Everything in the data below is left aside except the lines from the one containing "花背山の家での最後の活動「ウ" through the one containing "El exdirector de"; repeat those exactly.

====== SOURCE DATA

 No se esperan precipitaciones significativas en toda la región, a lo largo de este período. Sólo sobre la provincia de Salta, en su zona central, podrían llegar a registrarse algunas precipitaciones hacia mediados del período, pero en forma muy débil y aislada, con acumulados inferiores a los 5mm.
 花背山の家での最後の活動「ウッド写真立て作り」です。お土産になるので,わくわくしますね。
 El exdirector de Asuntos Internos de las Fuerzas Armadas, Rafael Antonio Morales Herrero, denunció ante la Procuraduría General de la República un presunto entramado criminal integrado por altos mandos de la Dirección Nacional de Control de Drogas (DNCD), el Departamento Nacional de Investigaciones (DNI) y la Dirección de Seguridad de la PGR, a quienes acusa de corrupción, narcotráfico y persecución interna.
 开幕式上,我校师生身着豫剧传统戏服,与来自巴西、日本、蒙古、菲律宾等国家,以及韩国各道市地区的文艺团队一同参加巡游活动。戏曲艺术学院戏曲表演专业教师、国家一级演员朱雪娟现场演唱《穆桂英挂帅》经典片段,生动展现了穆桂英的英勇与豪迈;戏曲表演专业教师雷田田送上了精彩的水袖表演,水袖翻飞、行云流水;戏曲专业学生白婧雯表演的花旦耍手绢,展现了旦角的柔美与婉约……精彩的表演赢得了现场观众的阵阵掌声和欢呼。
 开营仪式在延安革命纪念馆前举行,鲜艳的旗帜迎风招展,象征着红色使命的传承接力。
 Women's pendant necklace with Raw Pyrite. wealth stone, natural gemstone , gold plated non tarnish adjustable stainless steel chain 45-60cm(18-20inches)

============
====== SOURCE DATA

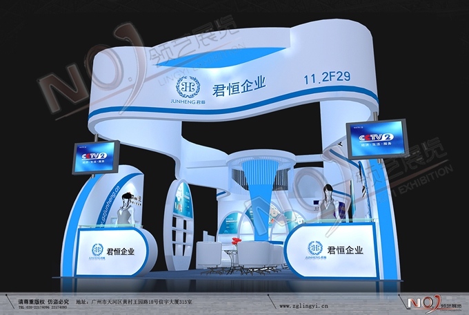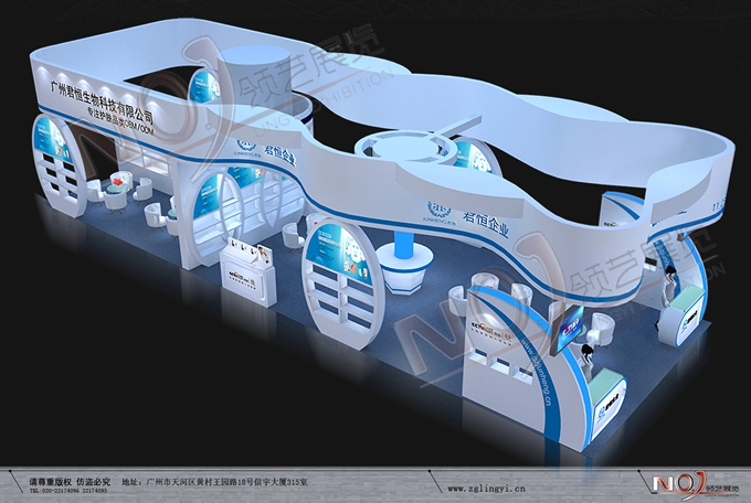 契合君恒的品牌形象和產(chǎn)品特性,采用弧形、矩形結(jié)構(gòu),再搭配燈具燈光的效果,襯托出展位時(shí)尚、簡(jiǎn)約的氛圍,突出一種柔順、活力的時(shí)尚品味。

============

_TASK SOLUTION_
 花背山の家での最後の活動「ウッド写真立て作り」です。お土産になるので,わくわくしますね。
 El exdirector de Asuntos Internos de las Fuerzas Armadas, Rafael Antonio Morales Herrero, denunció ante la Procuraduría General de la República un presunto entramado criminal integrado por altos mandos de la Dirección Nacional de Control de Drogas (DNCD), el Departamento Nacional de Investigaciones (DNI) y la Dirección de Seguridad de la PGR, a quienes acusa de corrupción, narcotráfico y persecución interna.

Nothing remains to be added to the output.